CHARACTER boundaries (UTF-8 rules):
┌─────────────────┬─────────────────┐
│       諾        │       林        │
│  (3 bytes)      │  (3 bytes)      │
└─────────────────┴─────────────────┘

TOKEN boundaries (BPE learned):
┌─────┬─────┬─────┬───────────┬─────┐
│ 164 │ 104 │ 122 │   20119   │ 245 │
└─────┴─────┴─────┴───────────┴─────┘
│← Tokens for 諾 →│←─ For 林 ─→│

🚨 KEY INSIGHT: - Character boundaries = Fixed by UTF-8 encoding - Token boundaries = Learned from training data frequency - They DON’T align!

Part 3: The Magic Behind UTF-8 - How Computers Know Where Characters End

Here’s a fascinating question: Given a stream of bytes like [232, 171, 190, 230, 158, 151], how does your computer know this represents two Chinese characters and not six random bytes?

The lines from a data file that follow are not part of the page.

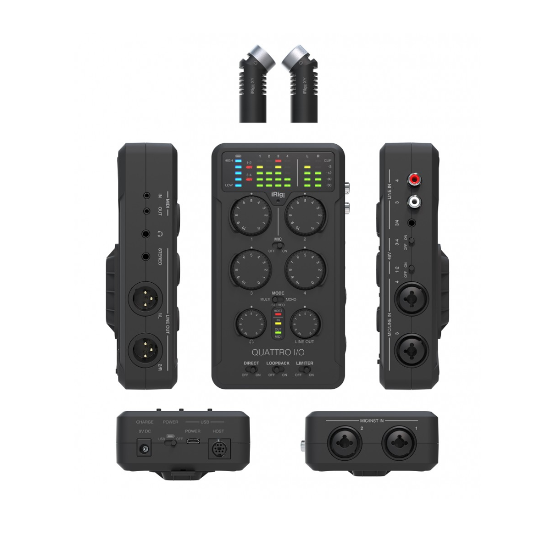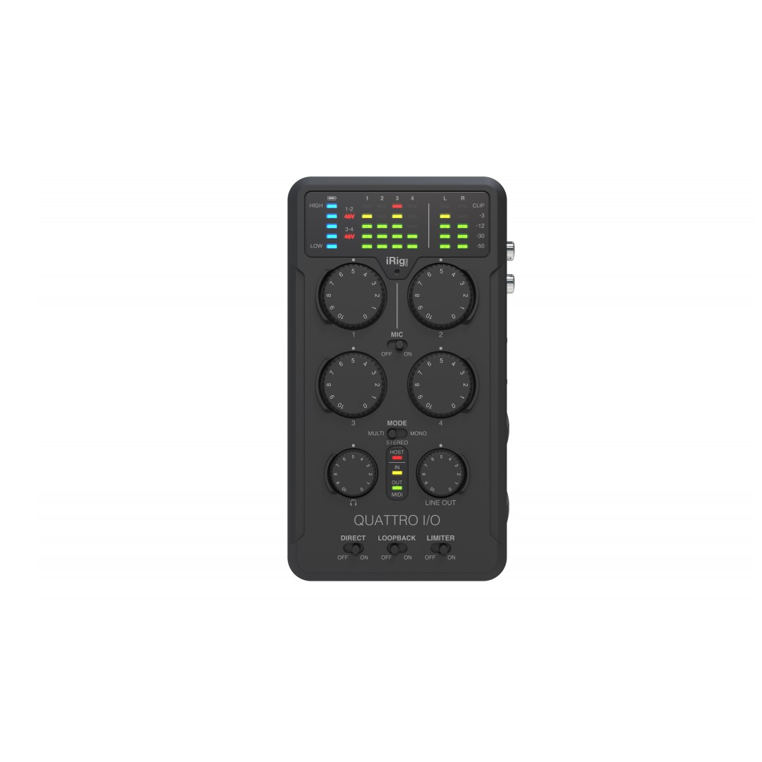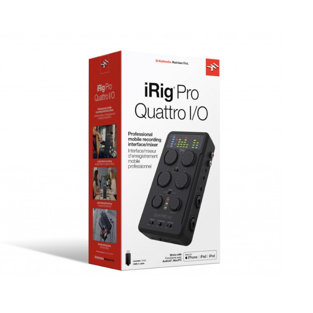 El iRig Pro Quattro I/O de IK Multimedia es una interfaz de audio y MIDI profesional de 4 entradas y 2 salidas, diseñada para grabación de campo, podcasting, streaming y creación de contenido en dispositivos móviles y computadoras. Es la versión más avanzada y completa de la línea iRig, funcionando tanto como interfaz como mezclador independiente.
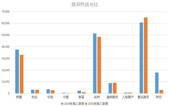 投诉性质方面,售后、合同和质量依然是热点,售后服务(64999件)、合同(48480件)和质量(33032件)三类性质的投诉量较大,共146511件,占投诉总量的87.93%。其中,售后服务类投诉涨幅较为明显,同比增加4286件,上涨7.06%。售后服务类投诉主要集中在家用电子电器(13982件)、生活社会服务(9761件)和日用商品(5623件)领域,售后态度消极、服务与承诺不符、保修政策落实难等是引发相关投诉的主要原因。合同投诉则较多出现在互联网服务(33676件)、教育培训服务(4032件)和生活社会服务(3179件)领域,主要问题有合同条款设置严苛不公平、不按约履行合同、违约金比例高等。质量是消费者最为关注的方面,随着品质消费需求提高,关于质量的投诉依然多发、居高不下。
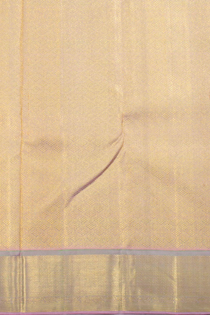 This Pista Green Pure Zari Kanjivaram Silk Saree is perfect for brides looking for a pastel saree. With its handloom Kanjivaram silk construction, this saree contains a Kodi Mango design in Zari on the body and a Vanki design and diamond design on the Lavender border. Embodying luxury and extravagance, it's sure to make a statement.

UTF-8’s Clever Bit Pattern System

UTF-8 uses the first few bits of each byte as “metadata” to mark character boundaries:

First Bits	Meaning	Total Bytes for Character
`0xxxxxxx`	Complete ASCII character	1
`110xxxxx`	START of 2-byte character	2
`1110xxxx`	START of 3-byte character	3
`11110xxx`	START of 4-byte character	4
`10xxxxxx`	CONTINUATION byte	-

This is why UTF-8 can handle any language while remaining backward-compatible with ASCII!

#hide
def analyze_utf8_byte(byte_val):
    """Analyze a UTF-8 byte and return its type"""
    binary = format(byte_val, '08b')

    if (byte_val & 0b10000000) == 0b00000000:
        return binary, 'ASCII (complete)'
    elif (byte_val & 0b11100000) == 0b11000000:
        return binary, 'START of 2-byte char'
    elif (byte_val & 0b11110000) == 0b11100000:
        return binary, 'START of 3-byte char'
    elif (byte_val & 0b11111000) == 0b11110000:
        return binary, 'START of 4-byte char'
    elif (byte_val & 0b11000000) == 0b10000000:
        return binary, 'CONTINUATION'
    else:
        return binary, 'INVALID'

#hide-input
# Analyzing UTF-8 bit patterns
text = '諾林'
utf8_bytes = text.encode('utf-8')

print(f"UTF-8 bytes: {list(utf8_bytes)}")
print()

for i, byte_val in enumerate(utf8_bytes):
    binary, description = analyze_utf8_byte(byte_val)
    print(f"Byte {i}: {byte_val} = {binary} → {description}")

print("""
Decoding:
Byte 0 (232): 1110xxxx → START of 3-byte char
Byte 1 (171): 10xxxxxx → CONTINUATION (1/2)
Byte 2 (190): 10xxxxxx → CONTINUATION (2/2) → Character complete: 諾

Byte 3 (230): 1110xxxx → START of 3-byte char
Byte 4 (158): 10xxxxxx → CONTINUATION (1/2)
Byte 5 (151): 10xxxxxx → CONTINUATION (2/2) → Character complete: 林""")

UTF-8 bytes: [232, 171, 190, 230, 158, 151]

Byte 0: 232 = 11101000 → START of 3-byte char
Byte 1: 171 = 10101011 → CONTINUATION
Byte 2: 190 = 10111110 → CONTINUATION
Byte 3: 230 = 11100110 → START of 3-byte char
Byte 4: 158 = 10011110 → CONTINUATION
Byte 5: 151 = 10010111 → CONTINUATION

Decoding:
Byte 0 (232): 1110xxxx → START of 3-byte char
Byte 1 (171): 10xxxxxx → CONTINUATION (1/2)
Byte 2 (190): 10xxxxxx → CONTINUATION (2/2) → Character complete: 諾

Byte 3 (230): 1110xxxx → START of 3-byte char
Byte 4 (158): 10xxxxxx → CONTINUATION (1/2)
Byte 5 (151): 10xxxxxx → CONTINUATION (2/2) → Character complete: 林

Summary: The Elegant Solution

Now you understand how AI models can handle any language with a single tokenizer:

The Two-Layer System:

UTF-8 Layer: Converts any text to bytes using smart bit patterns
BPE Layer: Learns byte patterns from multilingual training data

Why This Works:

Universal encoding: UTF-8 handles all languages uniformly
Adaptive learning: BPE learns from whatever languages are in training data
Byte-level processing: No language-specific rules needed

Practical Implications:

Chinese costs more tokens: Less frequent in training = larger byte chunks per token
Same model, all languages: No separate tokenizers needed
Seamless multilingual AI: Natural language switching in conversations

While Byte Pair Encoding is an efficient way to handle universal language, it is probably less useful for language like Chinese because the byte part does not preserve any semantic meaning.